Re:Suspicious at best. (Score:5, Insightful)
Drugs info in school is bullshit (Score:4, Informative)
By scientific literature, LSD is one of the SAFEST drugs known to man and completely non-addictive. Seriously (it stunned me too, I've been trying to find any valid finding of dangers for a while.) Flashbacks appear to be a psychological effect and rare, more like Viet Nam vet's flashbacks.
Here's some perspective in people averaging over 3 drinks of alcohol per day, PERMANENT deficiencies in problem solving, concentration and memory begin to appear. (This is a statistic, so it is probably people who binge drink on weekends that have the damage, not those who have a few every day. I'm sure you remember mornings when you had brain damage.)
The relapse rates for quitting smokers are on par with heroin addicts.
Re:Suspicious at best. (Score:5, Insightful)
It isn't just that...for many of us, smoking is FUN. I wish to hell it wasn't bad for you...if it weren't, I'd go back to it. It just was so natural to be in a bar, have a drink in one hand...smoke in the other. It also appeals to the 'firebug' in many people. Half the fun to me was the lighting up part.
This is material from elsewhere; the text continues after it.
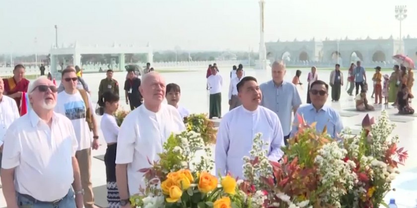Afterwards, the visitors paid homage to the Maravijaya Buddha Image, visited the Agga DhipadhiSasanna Beikman and marble inscription pagodas, Thudhamma shrines, Musleindha Lake and other religious buildings. The delegation led by Colonel General Alexander Vasilyevich Fomin, Deputy Minister of Defence of the Russian Federation, who visited the Maravijaya Buddha Image expressed.

Also, was a neat way to introduce yourself to a woman...even not smoking any more, I often carry a lighter to light a smoke for her when she pulls one out.
I'm sure some people...many in fact...are very hooked to nicotine..but, not everyone. Whenever I quit (and I've gone for years at a time)..the first 2 days are a PITA...but, not that big a deal after than. I didn't really smoke 'cause I NEEDED ONE....I did it because it was fun and an enjoyable activity for me.
I don't think anyone is smoking because it "looks cool" or promotes an image. Most people I think smoke because they enjoy it and it is fun. If they came out with a harmless cigarette....I'd start smoking again immediately.
Addiction's like that. (Score:3, Interesting)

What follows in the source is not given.